EXERCISE INSTRUCTIONS: Leave out every picture, then transcribe the rest of the listing exactly.

RECORDED DATA:
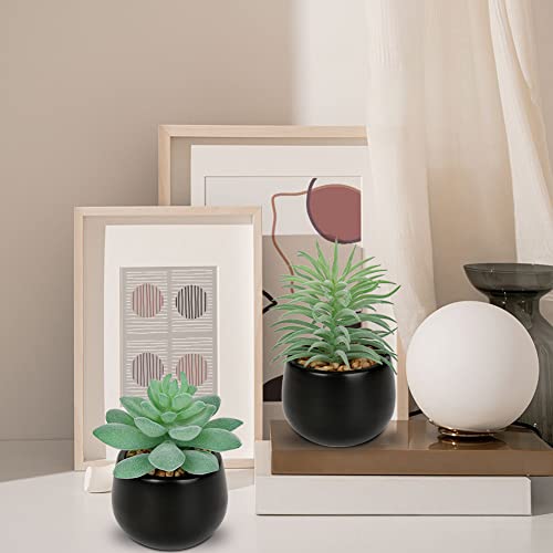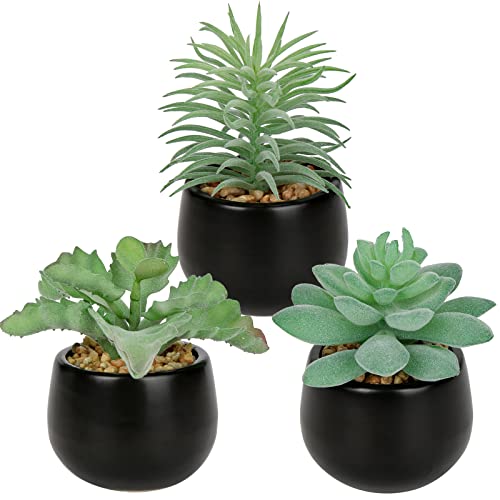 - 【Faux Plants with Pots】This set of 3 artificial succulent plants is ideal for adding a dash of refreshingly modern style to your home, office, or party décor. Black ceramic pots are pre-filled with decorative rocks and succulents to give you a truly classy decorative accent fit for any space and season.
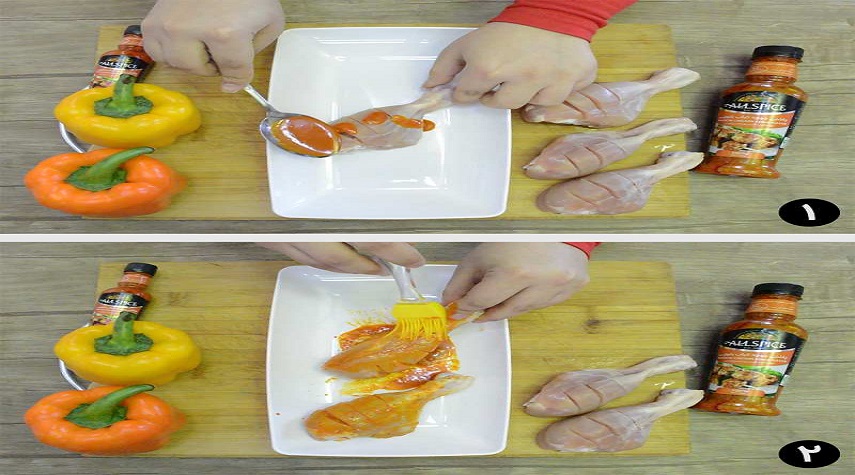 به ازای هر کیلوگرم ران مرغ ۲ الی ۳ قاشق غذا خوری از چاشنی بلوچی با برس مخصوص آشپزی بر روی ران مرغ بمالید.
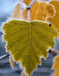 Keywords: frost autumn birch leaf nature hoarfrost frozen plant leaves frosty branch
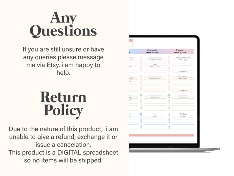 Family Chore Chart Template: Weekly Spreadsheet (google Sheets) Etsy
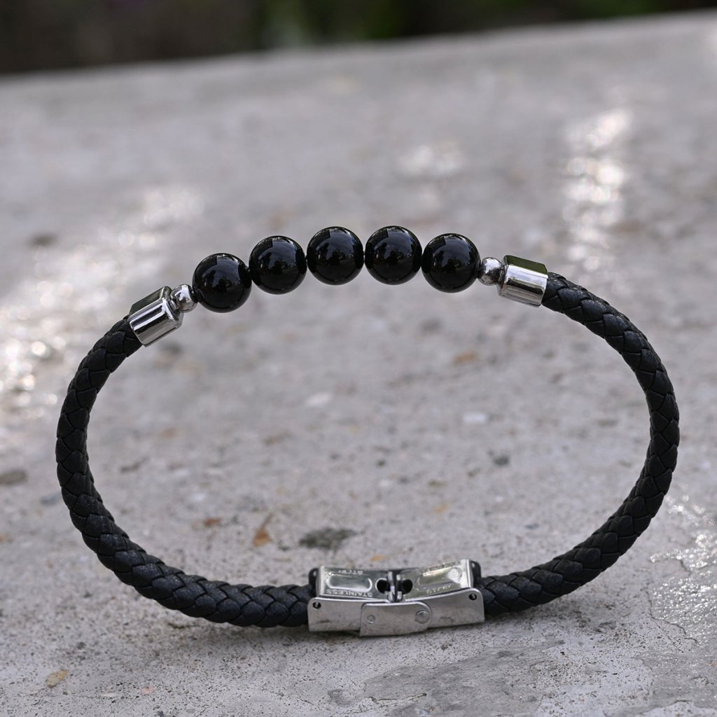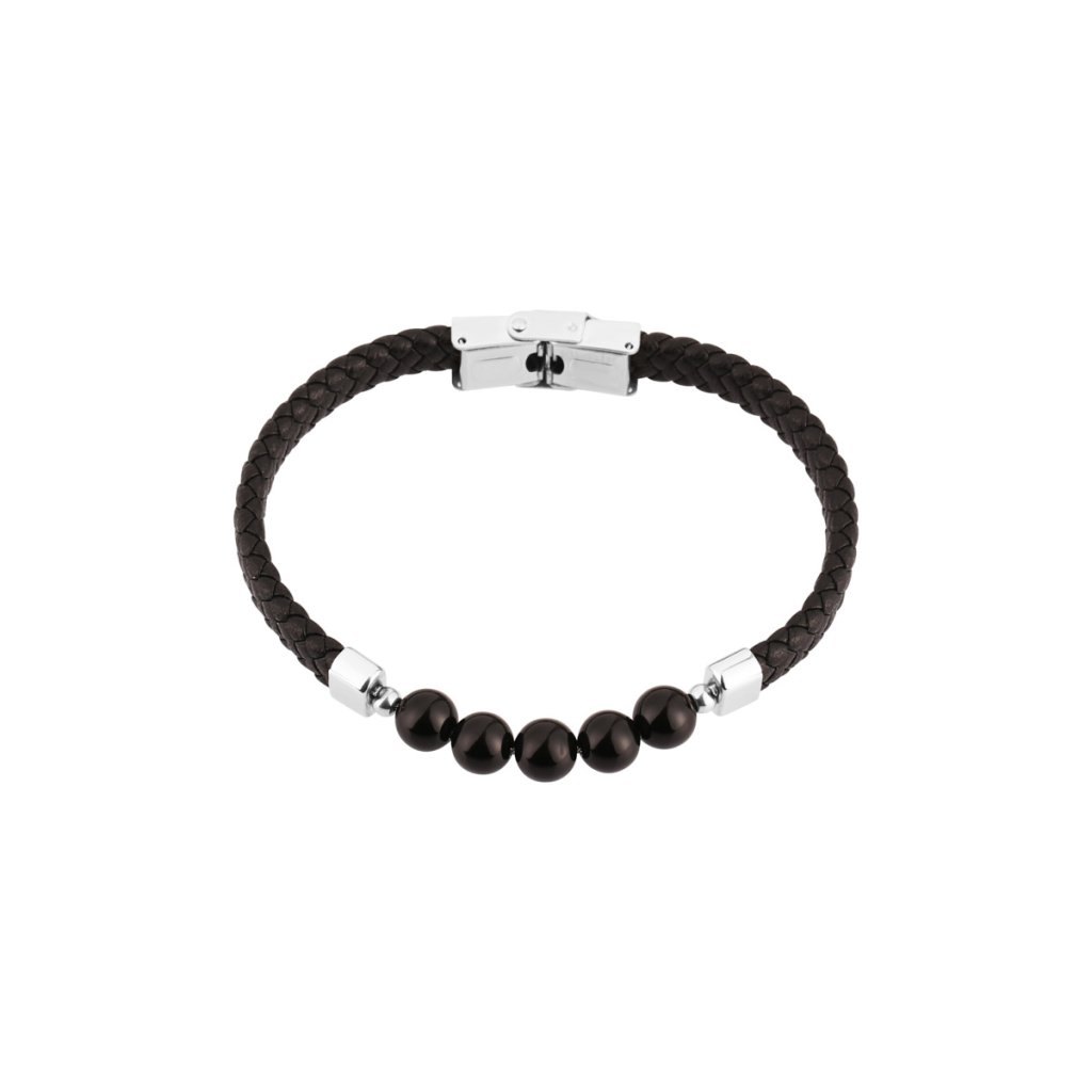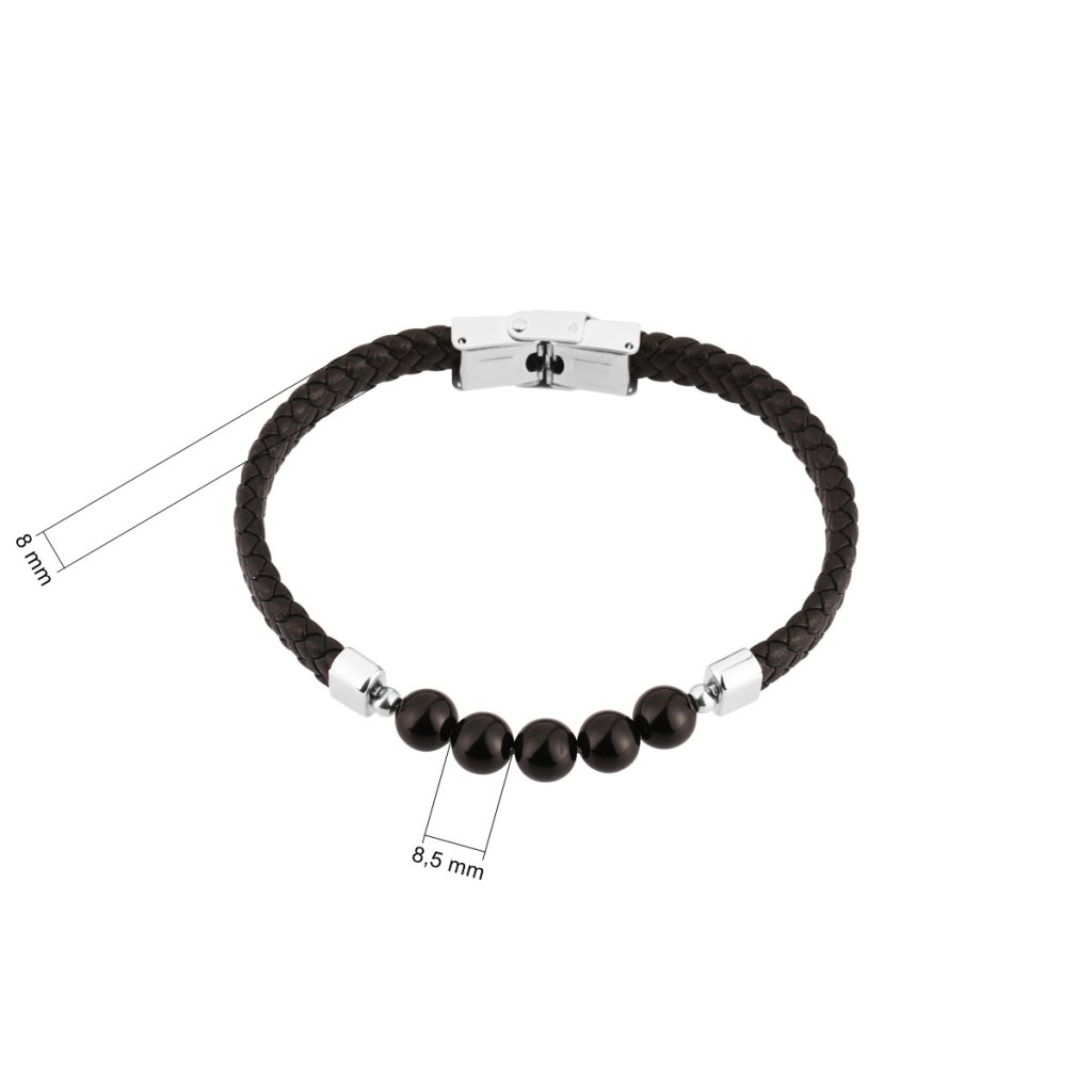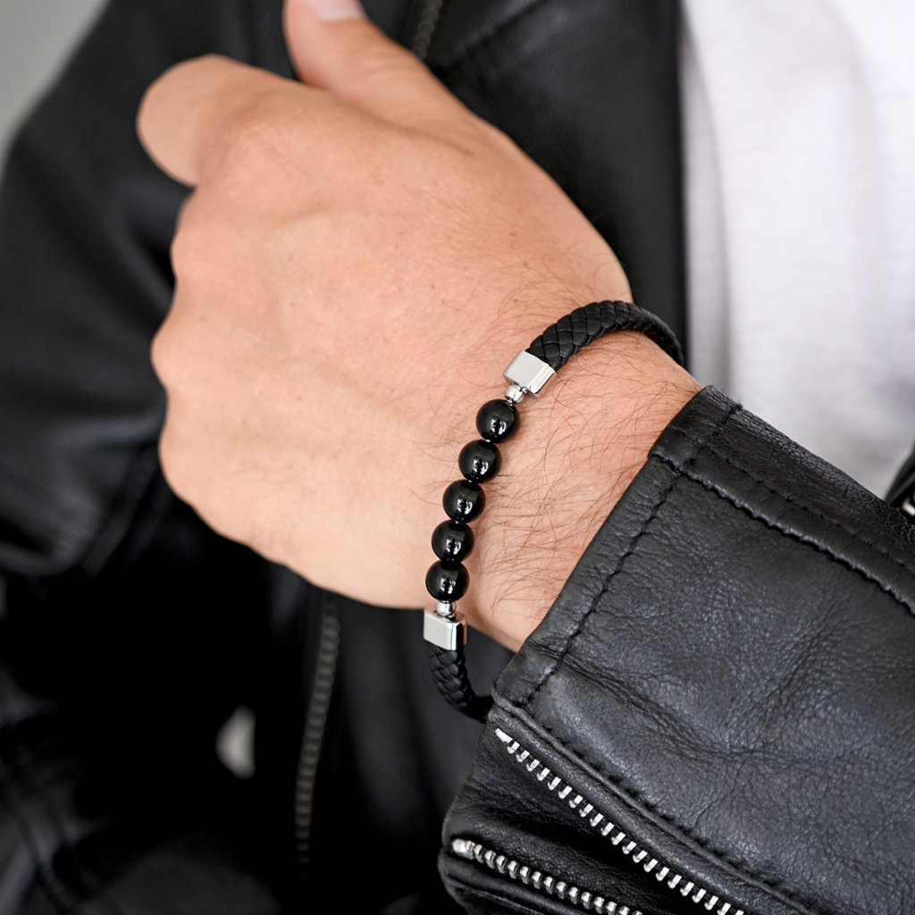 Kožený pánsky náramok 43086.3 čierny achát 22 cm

ANSWER BOX:
 - 【Faux Plants with Pots】This set of 3 artificial succulent plants is ideal for adding a dash of refreshingly modern style to your home, office, or party décor. Black ceramic pots are pre-filled with decorative rocks and succulents to give you a truly classy decorative accent fit for any space and season.
 به ازای هر کیلوگرم ران مرغ ۲ الی ۳ قاشق غذا خوری از چاشنی بلوچی با برس مخصوص آشپزی بر روی ران مرغ بمالید.
 Keywords: frost autumn birch leaf nature hoarfrost frozen plant leaves frosty branch
 Family Chore Chart Template: Weekly Spreadsheet (google Sheets) Etsy
 Kožený pánsky náramok 43086.3 čierny achát 22 cm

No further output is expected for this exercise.